Ok, so I wanna see a pic of the one YOU cooked! LOL!


----------



## ibglowin (Jun 13, 2011)

Sadly now, just a sweeeeeeeet memory!


----------



## Runningwolf (Jun 13, 2011)

CL I've seen some pictures of dishes Mike has made. He is certainly in a league of his own. Even if the dishes of food and table are staged for the camera (which I don't think it was), they look absolutely fantastic.

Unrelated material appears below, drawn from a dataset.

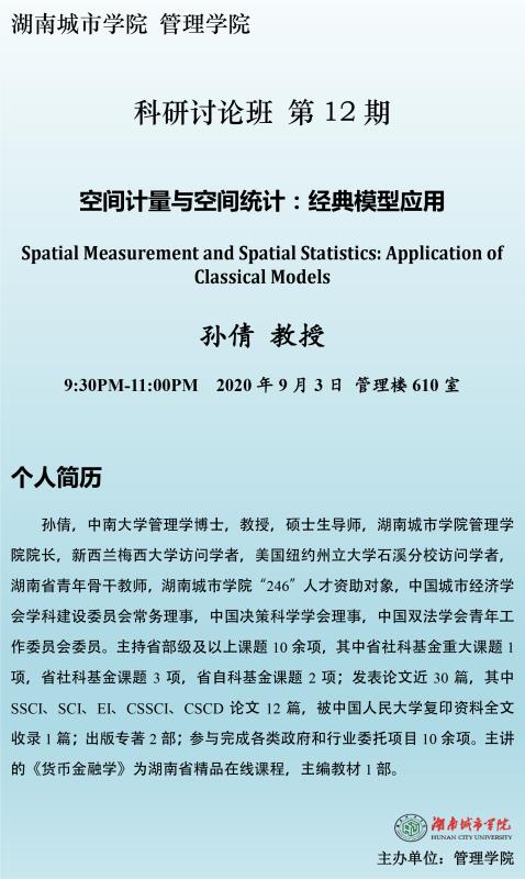 【管院科研论坛】12 孙倩 教授:空间计量与空间统计:经典模型应用
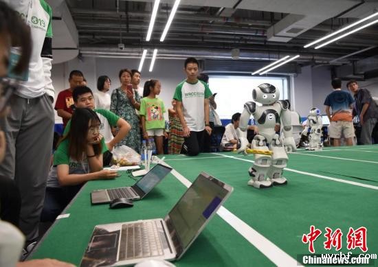 小选手们在2019世界机器人大赛“青少年机器人设计大赛——绿茵小将赛”比赛中操控自己的机器人。

Myself, I am a meat and potatoes guy. So skip the vegetables and I'm in. I wonder if we could get Mike to make his dish one night and Julie with her pizza the next in the chat room.


----------



## grapeman (Jun 13, 2011)

He sent me a picture of the steak he had the other night - not the ribs, but wow, I gotta tell ya, it was a bit well-done. The waitress shouted char one and the cook did!

Just bustin your chops - oh jeeze, there I go again with the bad puns.

That looks great and I an jealous of your abilities to cook great food. Drooooollllllll


----------



## Runningwolf (Jun 13, 2011)

Med rare for me. Has to be red on the inside!


----------



## Flem (Jun 13, 2011)

Looks perfect.


----------



## ibglowin (Jun 13, 2011)

Oooooooooh......... Helllllllllooooooo!

What time is dinner!


----------



## Runningwolf (Jun 13, 2011)

Ahh that will be tomorrow night. Friends are having us over for fillet. Yummy!


----------



## DaddysWhinery (Jun 18, 2011)

Isn't that a Strip steak pictured? The cabernet ribs were outstanding and the braising liquid became an excellent steak soup the next day!


----------



## tonyt (Jun 18, 2011)

Ribs sounded great. Sounds like a similar recipe that I use for Osso Bocca, sept I use veal shank. ribs would be a much more affordable alternative, and a must try.


----------



## ibglowin (Jun 18, 2011)

Looks like a short rib to me! The left over sauce goes great over the left over smashed potatoes. No meat required!

This is probably meant to be more of a Winter dish but I couldn't wait till Winter to try it out!


----------